Readers might be questioning why we don’t just operate at retail. Indeed ‘me too’ have a stated aim of growing their direct business at the expense of their customers, and we’ve heard some war stories. Competing with our own customers isn’t our style, which perhaps is why we’re trusted with so much new business. Our challenge going forwards is many-fold therefore;
- Resist the tide of “resellers” who wish to cut-out the middle-man – that just increases our support costs. They should be our customers’ customers and some of you are making great strides there.
- Continue to help our customers grow strongly whilst monetising away from the ‘minute’. Our new packages represent this, along with us daring to charge for unique value we add such as trunks.
- Continue to attract the big but clueful.

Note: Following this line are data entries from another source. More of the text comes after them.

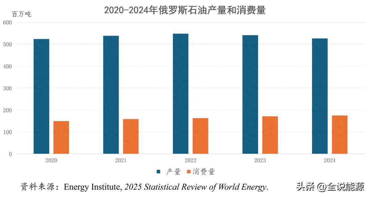 2024年,俄罗斯液体燃料,即一般意义上的石油总产量为1050万桶/天,比2023年的1090万桶/天减少了3%。当年,俄罗斯每天消耗了390万桶的石油和其他液体燃料,与2023年基本保持一致。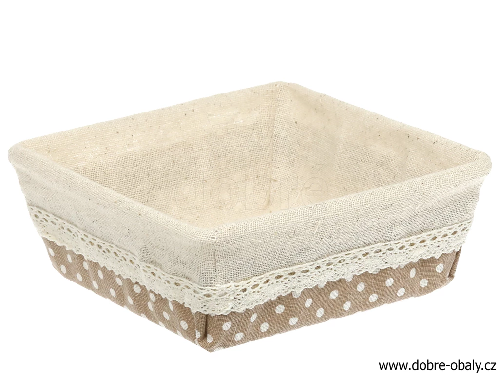 Malý dekorační košík s elegantní krajkou. Košík můžete využít pro originální dárkové balíčky, ale také na suché vazby a dekorace. Rozměry: dno 130 x 130 cm, horní část 160 x 160 cm, výška 65 mm.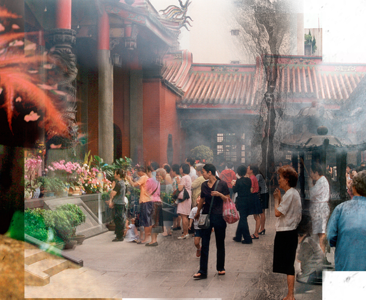 A Buddhist temple with a variety of people praying. Toward the right side of this image, we see a swath of something running vertically. This is, intermingled with the people, a traditional Chinese painting from 1000 years ago.
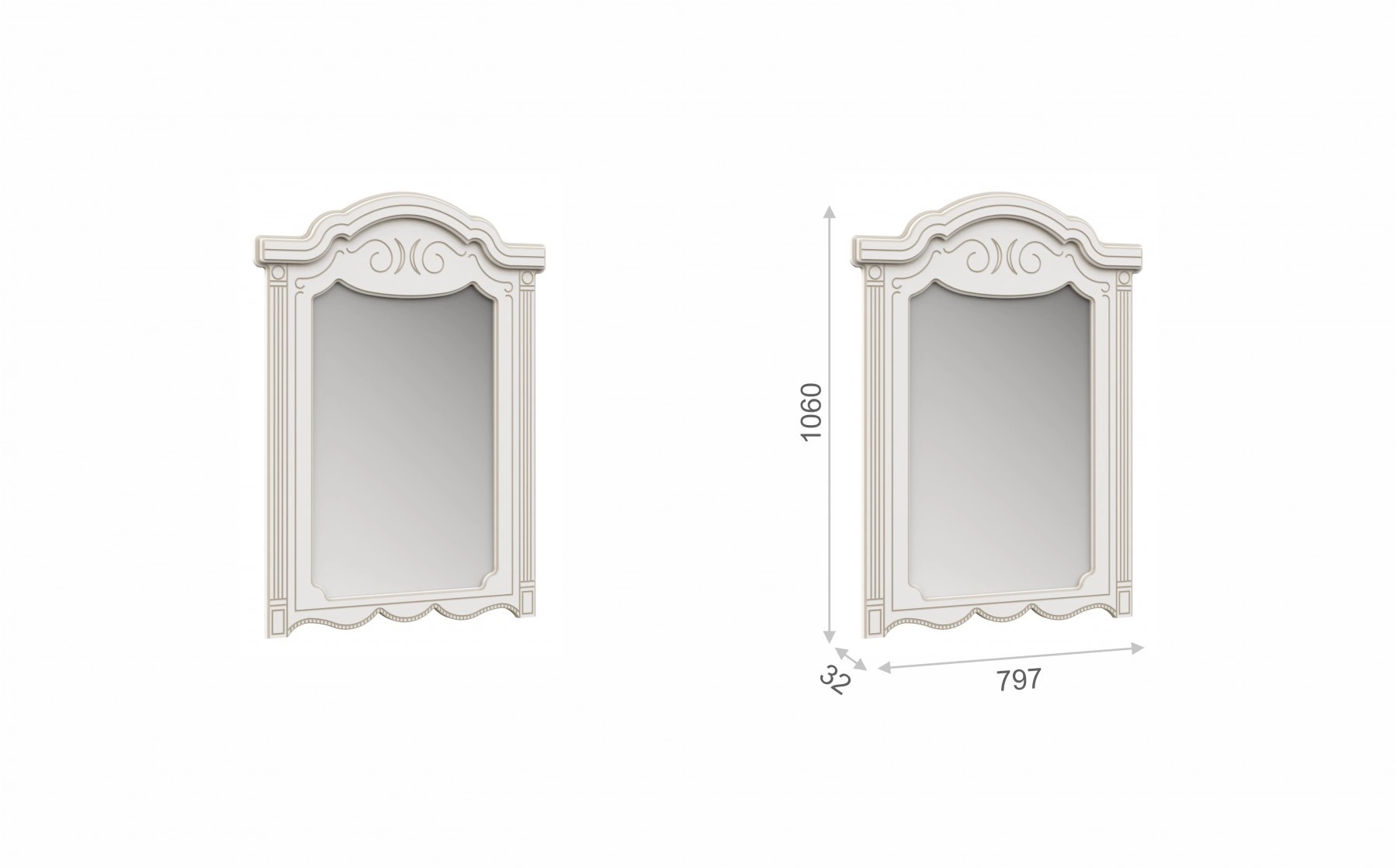 - Зеркало: Ширина 797 мм х Глубина 32 мм x Высота 1080 мм

Thankfully we’ve been particularly successful at the third point fishing in newer waters. We’ve always described ‘wholesale’ as measured by competence and haven’t cared about size, but it was taken as read that competence meant small. It transpires you can now be both huge and immensely capable and if you are, Simwood is quite attractive and totally unique. We’re very grateful to have won substantial business away from multi-billion pound operators because of what we stand for and what we uniquely offer.

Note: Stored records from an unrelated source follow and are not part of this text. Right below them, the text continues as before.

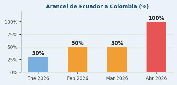 Oct 2024 - Cumbre Galapagos: maxima cordialidad bilateral Dic 2025 - EE.UU. opera en Manta. Noboa consolida alianza con Trump Ene 2026 - Ecuador impone arancel del 30% por 'seguridad nacional' Feb 2026 - Colombia responde y demanda ante la CAN. Escala al 50% Abr 2026 - 100% de arancel. Petro amenaza salir de la CAN. Crisis máxima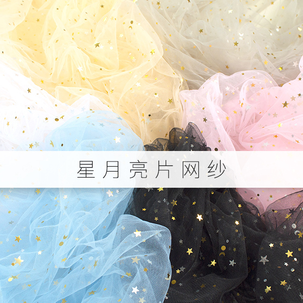 星星纱黑色亮片网眼蕾丝软沙网纱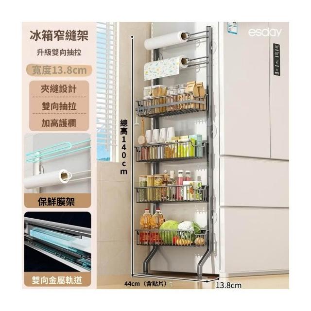 冰箱側收納置物架免打孔夾縫靠牆架子多層窄邊廚房調味料品收納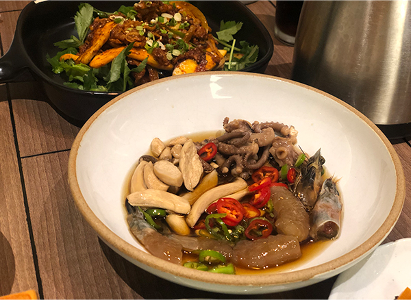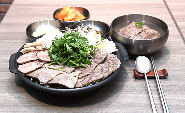`맑은 곰탕 전골’은 북한식 전골인 어복쟁반을 재해석한 메뉴다. 보기만 해도 넉넉한 크기의 전골냄비 속에는 양과 우설 등 다양한 부위의 수육과 국물의 감칠맛을 책임지는 채소들이 한데 어우러져있다.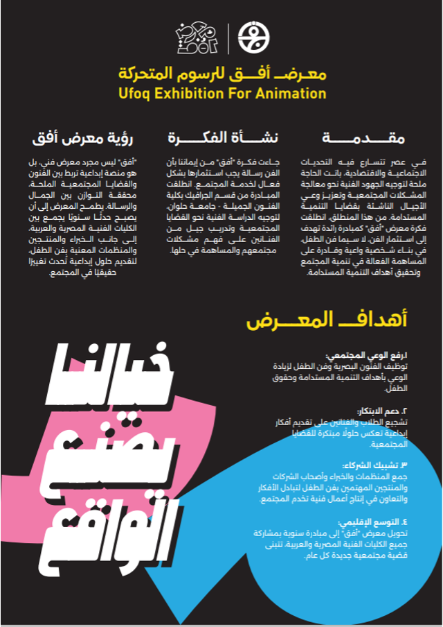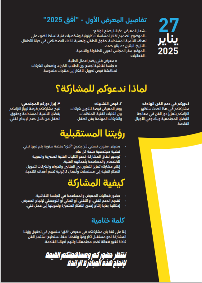 يقدم المعرض فرصة استثنائية لعرض أفكار مبتكرة لمسلسلات وتصميم شخصيات كارتونية، تهدف إلى توعية الأجيال القادمة بالقضايا المجتمعية المهمة وإلهامهم ليكونو جزءاً من التغيير الإيجابي.

We continue to punch well above our weight in the communities we operate in and we’ve spoken at more international events in 2017 than ever. In 2018 we’re adding another US trip to the list with IP Expo, or more particularly, Asterisk World where we’ve also been invited to speak. Along with our own SimCon1 and CommCon – a new UK based event where we’re Platinum sponsor and hope, but aren’t confirmed, to also be speaking. Coupled with our regular attendance at LINX member meetings, we’re more engaged with the communities we’re part of than ever. We learn and share something at everyone and would recommend attending any or all of them.
Last but not least, we concluded the reorganisation we started back in 2015 and are now, along with our new US sister Simwood Inc, a part of Simwood Group PLC. This changes nothing for customers other than being a platform for the future, a future that may succeed me (no present plans!) and a future that sees our growing team truly invested in the business.
So as we leave 2017 behind, I’d like to wish all of you the best for 2018 and once again extend a huge thank you for trusting us with your business and working with us. Given the platform changes, 2018 looks exciting! It is a scary time to be in this industry but with the platform, the team and the customers we enjoy, I’m very optimistic for our next 20 years!